Ellevate Network San Diego Chapter’s How to Build Your Dream Life with Your Money event featured financial advisor Renee Cohen and wealth management advisor Chantel Bonneau Stewart. Renee is a leader in the Ellevate Network LA chapter. This event was sponsored by Women Moving Mountains and held at the company’s event space at the Aventine in UTC.
Disclaimer: This is not official financial advice, only an event recap.
Chantel, author of the book Finding Your Financial Type: Clearing the Hurdles to Financial Wellness, started the discussion. Though hearing about how to make your money work harder can feel overwhelming or confusing, she and Renee make sure that you are empowered, educated, and understand the different strategies out there, so you accomplish your goals.
For example, most people have a goal of exercising more, yet 94% of Americans failed getting the recommended 30 minutes of exercise a day. Only between 10-20% of people that lose over 5% of their body weight keep it off long term, showing how people regress on their goals even after achieving them. One sixth of females would rather be blind than obese, which shows how much we say or think these health goals are important.
Chantel said most the time, the right mindset about money is what’s missing. “There’s a lot of great advice out there about what you should do and all that’s wonderful. But if we’re not executing on it, and it’s not working, it doesn’t really matter.” She compared this mindset problem to setting New Year’s resolutions and breaking them before February (unless you are a motivated Ellevate member … no one in the crowd has a current example). Most resolutions tend to be about getting healthier, getting more exercise, and saving more money. “Obviously it’s important to people but most people tend to fail to execute on that … people keep making the same mistakes and continue to fail because they are using a one-size-fits-all strategy.”

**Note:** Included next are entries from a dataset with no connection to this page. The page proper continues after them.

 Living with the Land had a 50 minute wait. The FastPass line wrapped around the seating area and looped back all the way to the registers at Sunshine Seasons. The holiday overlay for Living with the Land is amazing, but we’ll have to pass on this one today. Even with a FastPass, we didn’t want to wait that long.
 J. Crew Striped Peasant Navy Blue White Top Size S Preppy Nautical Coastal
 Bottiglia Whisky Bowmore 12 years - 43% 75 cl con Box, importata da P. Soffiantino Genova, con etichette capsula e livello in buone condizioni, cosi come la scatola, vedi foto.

Different people are inspired to achieve health goals based on different reasons, such as competitiveness and what types of exercise you like and dislike. Chantel explained that people react the exact same way when it comes to achieving financial goals. “We have this way in which we function in society, you’re supposed to do things this way, you’re supposed to save this much into these types of vehicles. You’re supposed to constantly feel bad about the amount of money that you save, right? We get a lot of advice telling us how to do things, yet it doesn’t take into consideration how we plan, how we think about money, what our relationship is with money, and that’s how we prioritize things.”
Chantel and Renee’s slightly different spin on financial wellness includes first defining who you are and how you connect to money so that you can build a plan that has a higher chance of succeeding long-term. Transitioning the discussion to money, 44% of Americans cannot cover a $400 emergency, and it increases to 66% if the emergency becomes $1,000. 25% of workers do not contribute enough to their 401k to get the full match. “The match is free money, it’s literally someone saying, ‘Can I please give you this free money,’ and 21% of people don’t even take that up.”

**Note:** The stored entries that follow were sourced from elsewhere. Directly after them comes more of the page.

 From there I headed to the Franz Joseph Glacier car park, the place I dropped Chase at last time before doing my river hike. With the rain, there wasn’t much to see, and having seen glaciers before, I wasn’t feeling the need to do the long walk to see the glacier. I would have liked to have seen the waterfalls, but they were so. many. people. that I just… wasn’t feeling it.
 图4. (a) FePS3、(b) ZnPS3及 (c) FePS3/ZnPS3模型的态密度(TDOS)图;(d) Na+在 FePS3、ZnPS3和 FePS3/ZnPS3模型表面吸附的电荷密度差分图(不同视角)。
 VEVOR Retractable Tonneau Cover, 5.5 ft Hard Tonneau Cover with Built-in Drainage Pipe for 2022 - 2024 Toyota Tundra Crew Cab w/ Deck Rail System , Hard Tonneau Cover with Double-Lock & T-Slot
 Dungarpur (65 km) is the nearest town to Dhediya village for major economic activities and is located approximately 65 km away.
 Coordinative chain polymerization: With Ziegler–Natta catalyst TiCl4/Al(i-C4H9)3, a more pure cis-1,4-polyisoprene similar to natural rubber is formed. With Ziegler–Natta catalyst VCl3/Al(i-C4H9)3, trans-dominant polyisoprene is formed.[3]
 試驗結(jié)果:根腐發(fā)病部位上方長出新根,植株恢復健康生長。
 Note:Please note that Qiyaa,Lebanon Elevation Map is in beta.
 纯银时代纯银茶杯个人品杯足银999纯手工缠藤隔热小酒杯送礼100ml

Chantel then asked us what year we thought savings hit a rock bottom at 1.9% of household income, which was in 2005 when the economy was fine. “So what this statistic tells us is that savings for financial behavior has very little to do with the balance sheet, and it has everything to do with an attitude and a mentality.”
Only 24% of millennials demonstrate basic financial literacy, yet 69% consider themselves highly knowledgeable. “So there’s a little bit of a disconnect. It’s not necessarily their fault. There are lots of articles you can read that make you feel like you’re up-to-date on things.” More scary statistics ahead! The median net worth (assets minus liabilities) for Americans between ages 35 and 44 is $14,000, and for people ages 55 to 64 it is $45,000. Two-fifths of adults in a committed relationship have committed financial infidelity, which is hiding or lying about significant financial information. 31% of people say that they would rather their spouse cheat on them than lie about money. Chantel says she hears it all, “That’s our job, it is 9% finance and 91% couples therapy.”

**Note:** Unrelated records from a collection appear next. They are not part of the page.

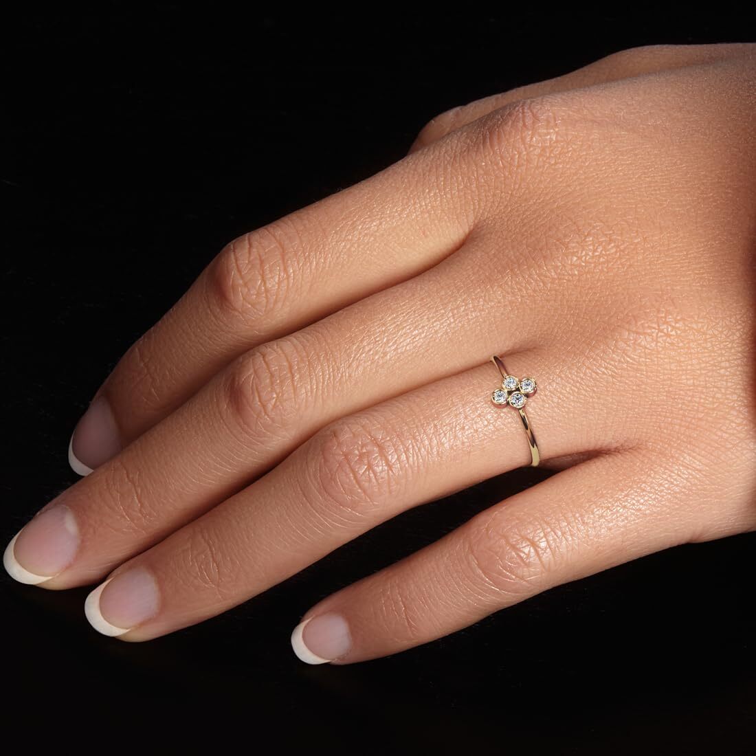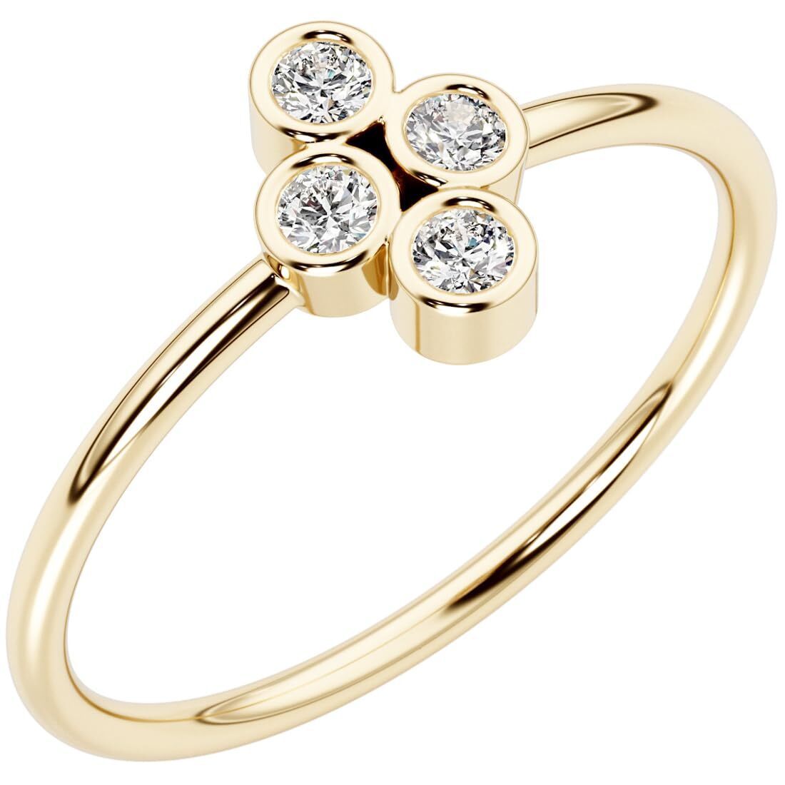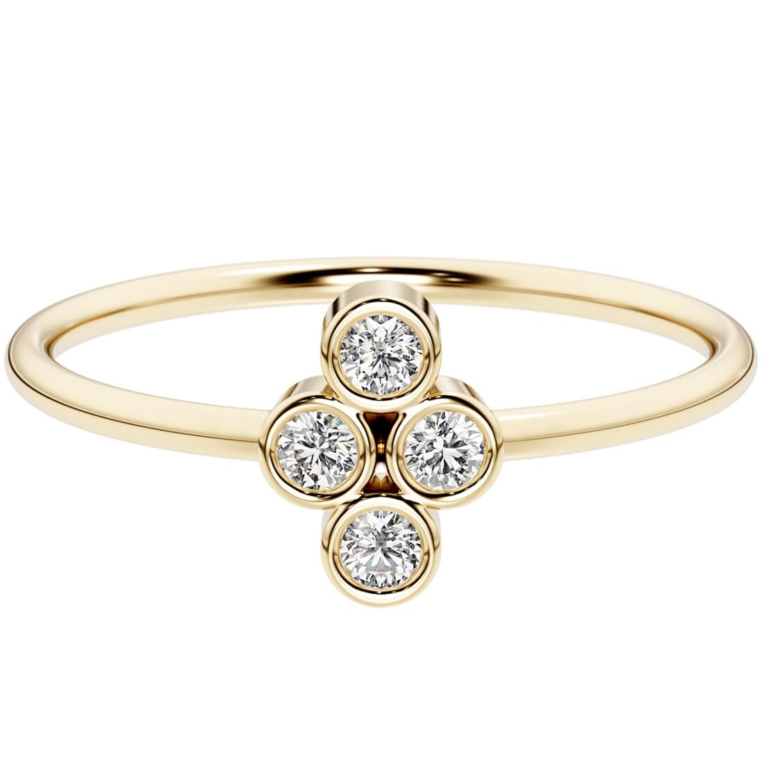 Diamond 4-Stone Stackable Ring 14K Yellow Gold Plated Sterling Silver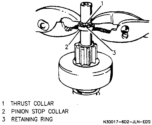 E. Thrust collar to end of shaft with flange toward retainer ring. Use pliers as shown to snap pinion stop collar over retainer ring.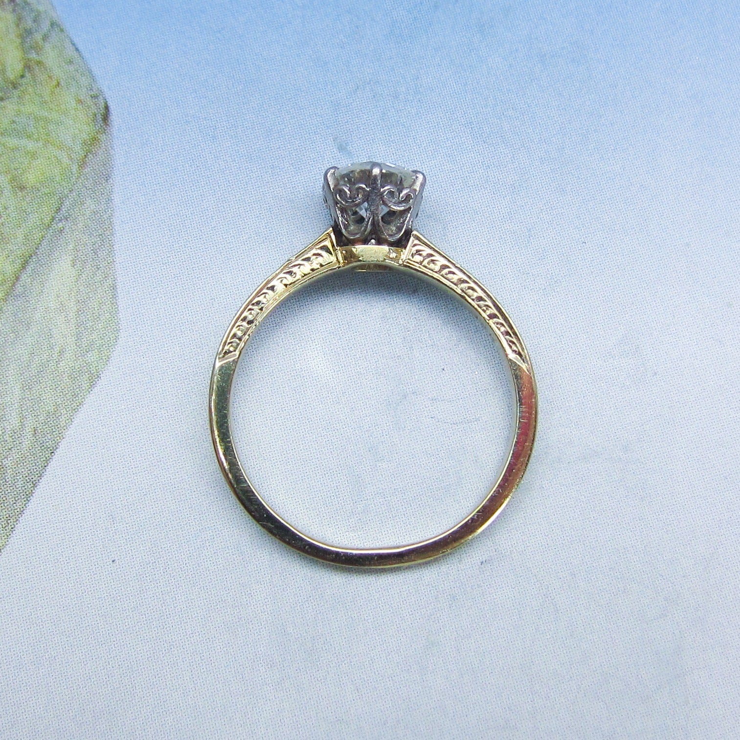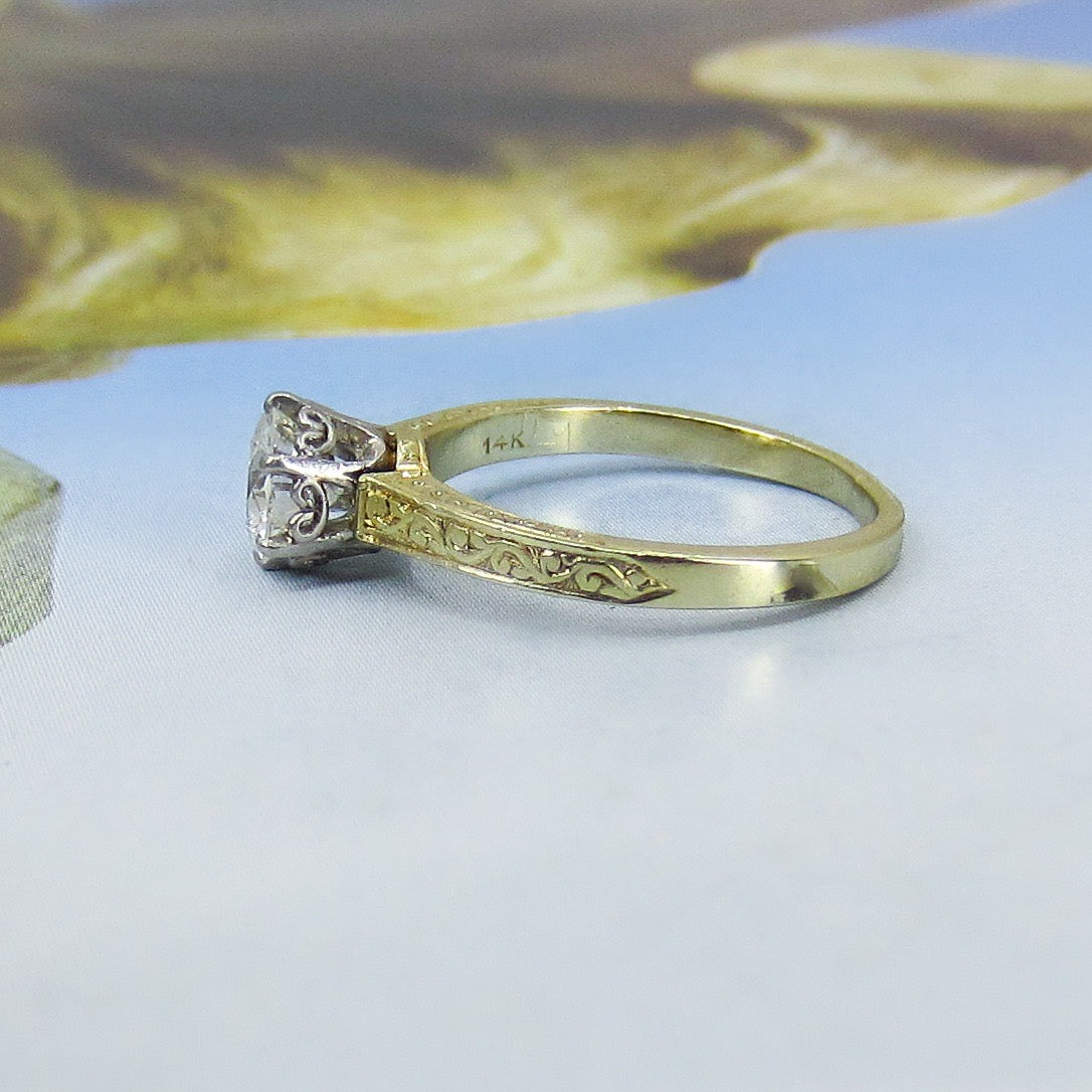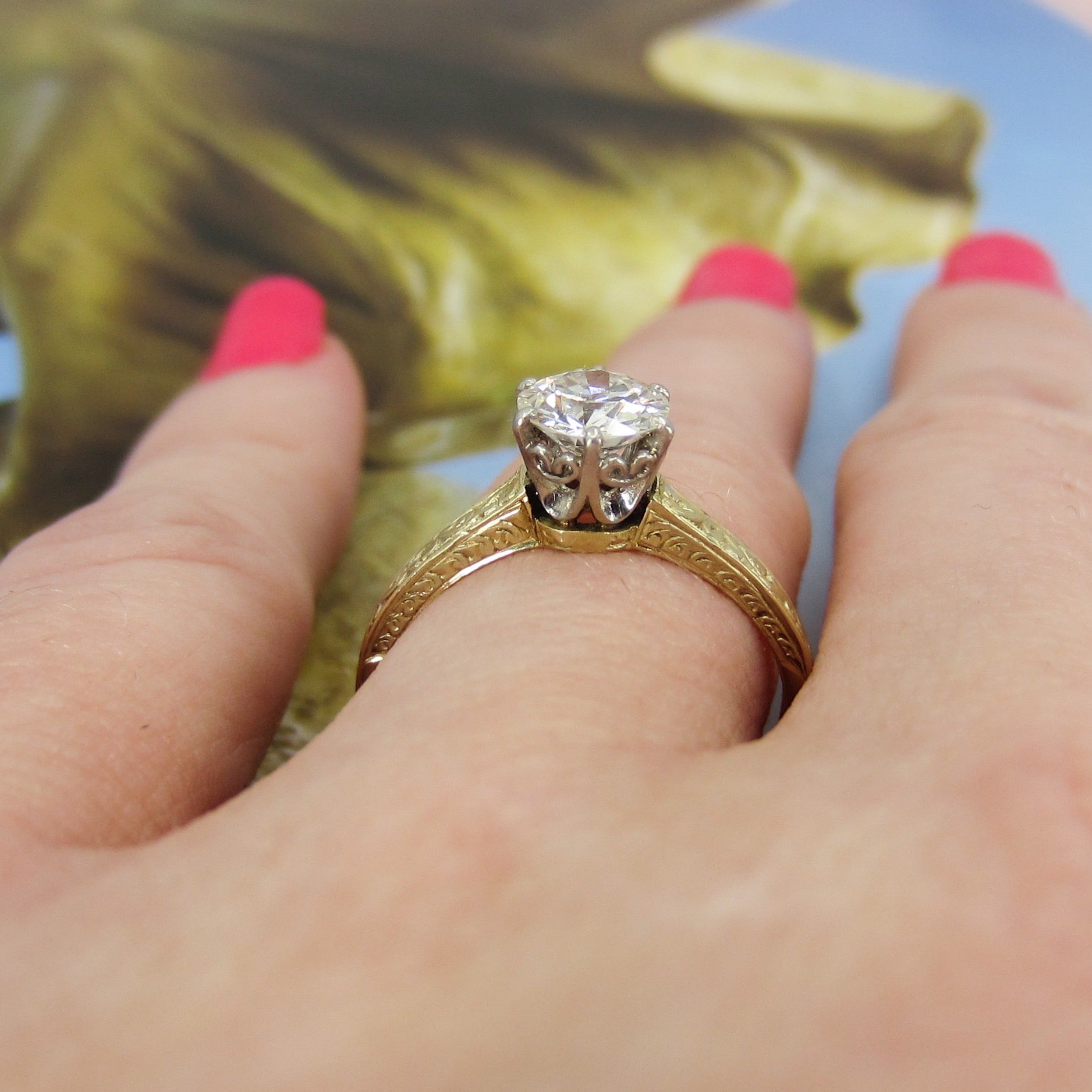 This antique engagement ring is EXQUISITE, from the beautiful, beautiful mounting to the excellence of the cut of this stone--it is lovely, bright and elegant. Made circa 1920, this is a solitaire engagement ring holding a .71ct Old European diamond in a platinum crown basked set in a scrollwork engraved 14k yellow gold band. This diamond grades GHVS1 and it is so well cut that you can see it sparkle from across the room. I cannot say enough about this ring, it is so beautiful, so perfectly done and so antique that whoever gets this will NEVER get tired of it!

Starting to think about it just like health and mental wellness, “as a lifelong journey that’s going to have some good and some bad. It’s really about building financial self-esteem, so you feel good about the constant progress that you’re making.” One of the ways to build financial self-esteem is to shorten the financial execution gap, which is the point in time from when you decide you need to do something, to the point in time when you actually do it. There are lots of very smart people that technically have enough money, but when they finally come to the conclusion that they should be doing something with money, to the point when they make an appointment to execute, can be 10 months or 10 years. Shortening that gap is what can help us execute on our goals, Chantel said.
What also holds people back from that financial implementation is clear goals. Some people don’t have have enough information, so they don’t know how they can make a decision. Some have a fear of missing out on the alternative (“I don’t want to max out my 401K because I might want to put my money somewhere else … where, I don’t know, a fictitious accounts that has no tax, immediate liquidity, gets a 20% return, that does not exist.”) It is hard to be held accountable for your financial wellness, since most of us have day jobs and it’s hard to do everything in life. The final reason is it can be hard to find a financial advisor you have a good relationship with.
You can shorten this financial execution gap by building a plan that matches how you function. This is where Chantel’s method of finding your financial types fits in. There is a quiz that you can take about which of the five types you are:
“Has anyone read about the five love languages book and find that you and your significant other have different languages, so you have been communicating differently? The same thing applies to money.”
Chantel talked about the analytic category, people who love research, who have attempted to create lots of spreadsheets or systems, who act like they don’t need the tools institutions have spent millions of dollars to create because they can build a better way. Analytics tend to have a lot of money in cash, and asking for help is a struggle because you know that you’re smart enough to find the solution if only you had time. A lot of physicians tend to be analytics because they are used to be very competent. “And yes, if they suddenly had a year off, they could probably study a lot and come to the same conclusions [as the financial experts].”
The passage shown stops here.